Thatcher's body lies in chapel as funeral debate rages
LONDON (Reuters) - A coffin bearing the body of former Prime Minister Margaret Thatcher was placed in a chapel in Britain's parliament before her funeral on Wednesday as a debate about the ceremony's scale and guest list deepened.
Draped in the red, white and blue British flag, Thatcher's casket was driven through London's Whitehall government district in a black hearse as tourists and parliament workers looked on in bright sunshine.
Four undertakers then carried it on their shoulders before placing it inside the crypt of the Chapel of St Mary Undercroft, a cavernous vaulted place of worship first completed by King Edward 1 of England in 1297.

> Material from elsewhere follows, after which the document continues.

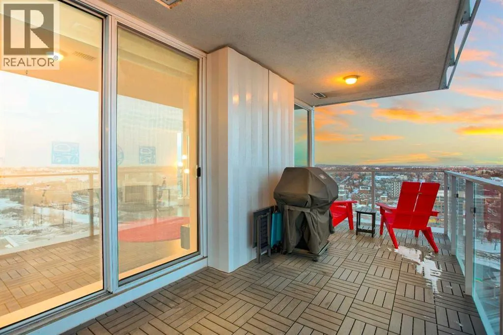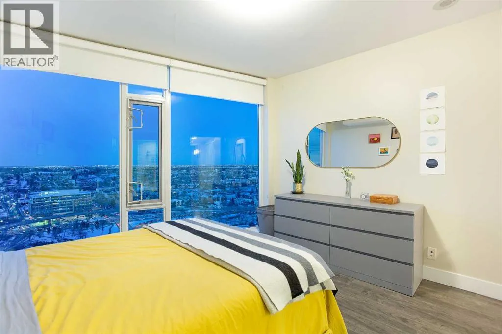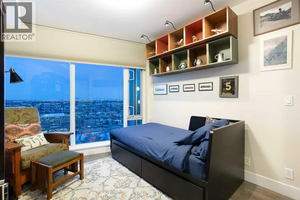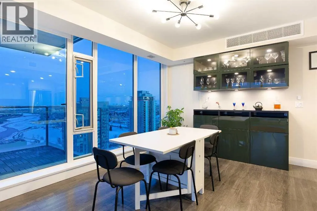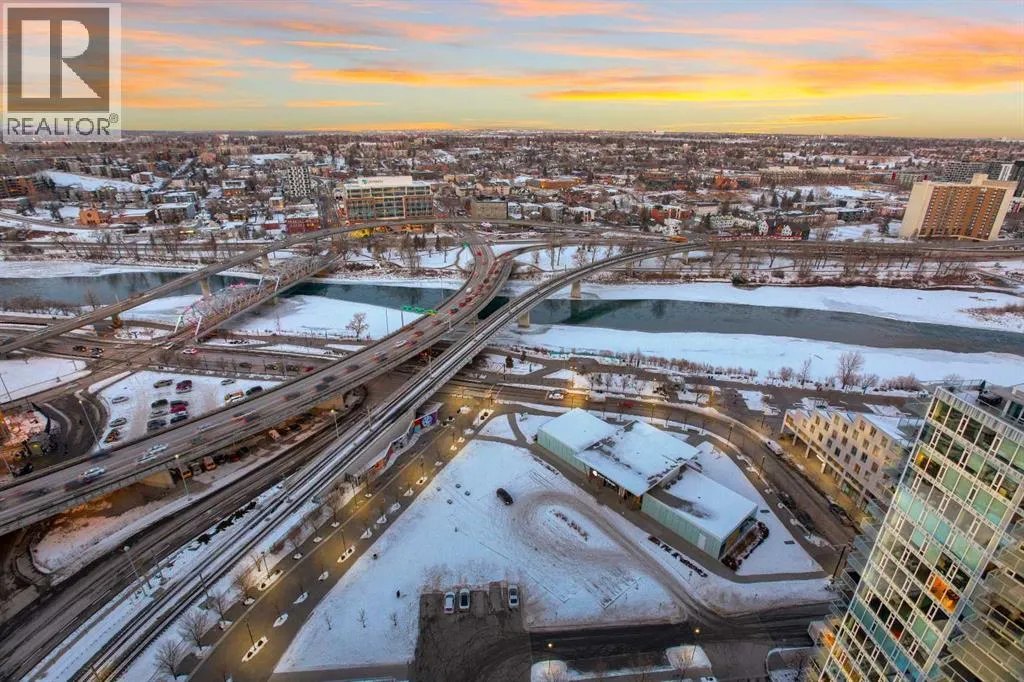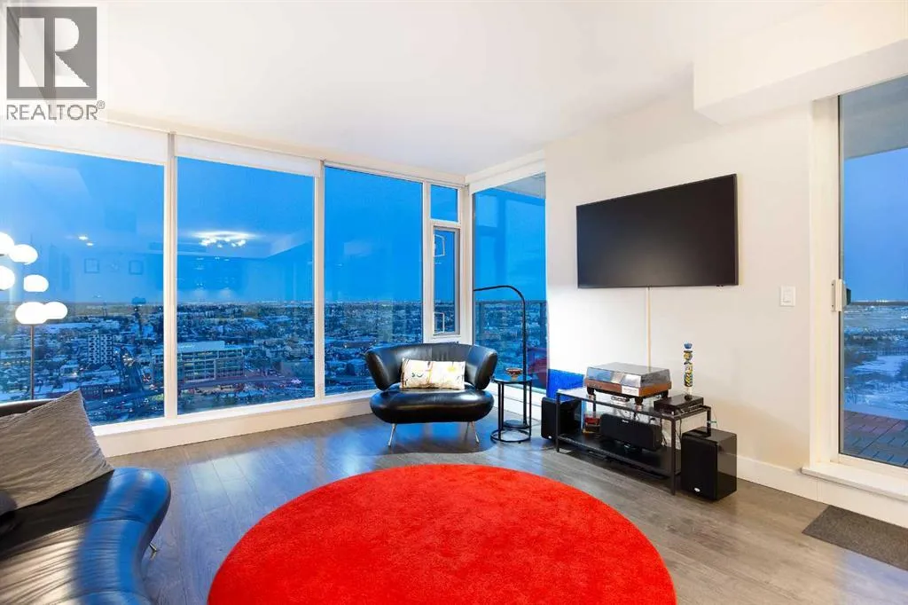 Experience refined urban living with breathtaking panoramic views from this luxurious 27th-floor residence in the coveted Evolution tower, located in Calgaryâs dynamic East Village. Offering over 1,100 sq. ft. of impeccably designed living space, this elegant home is bathed in natural light through floor-to-ceiling windows that frame sweeping city, river, and skyline views from the northwest to the southeast. The chef-inspired kitchen features granite countertops, premium stainless steel appliances, and a gas range, seamlessly flowing into the open living and dining areasâideal for both everyday living and sophisticated entertaining. The primary retreat showcases stunning Bow River views, a walk-through closet, and a spa-like 5-piece ensuite. A spacious second bedroom, full bathroom, private office/den, ensuite laundry, and two titled parking stalls complete the residence. Residents enjoy an exceptional lifestyle with 24-hour concierge, fitness centre with sauna and steam room, and an exclusive rooftop patio with BBQ. Just steps from the RiverWalk, St. Patrickâs Island, Central Library, and the cityâs finest cultural attractions, this is downtown luxury at its finestâwhere you drift off beneath the stars and awaken to the glow of the rising sun. (id:27476)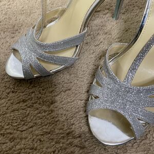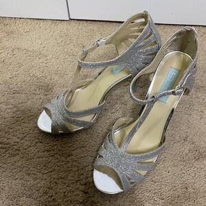 Betsey Johnson Heels Dress Silver Glitter T-Strap Peep Toe.

Aged 87, Thatcher, who ruled Britain from 1979 to 1990, died after suffering a stroke on April 8.
Security was tight, with armed police on hand as MPs attended a private memorial service commemorating her career as Britain's longest-serving prime minister of the 20th century.
Her children, Mark and Carol, also attended.
The proceedings were low key, unlike her planned ceremonial funeral on Wednesday which some left-wing MPs have called an expensive political advert for her ruling Conservative party, which is trailing the Labour party by 10 percent in the polls.
The guest list has prompted talk of diplomatic snubbing.
On Tuesday, a spokesman for Prime Minister David Cameron denied the United States had snubbed Britain by not sending anyone senior from the administration of President Barack Obama.
"Absolutely not," the spokesman said.
Obama is sending George Shultz, a secretary of state for Republican President Ronald Reagan, and James Baker, who had a number of senior roles in both the Reagan and George H.W. Bush presidencies. No senior serving politicians are attending.
The spokesman also said the Argentine ambassador had refused an invitation to attend, a decision coloured by worsening diplomatic tensions over the contested Falkland Islands.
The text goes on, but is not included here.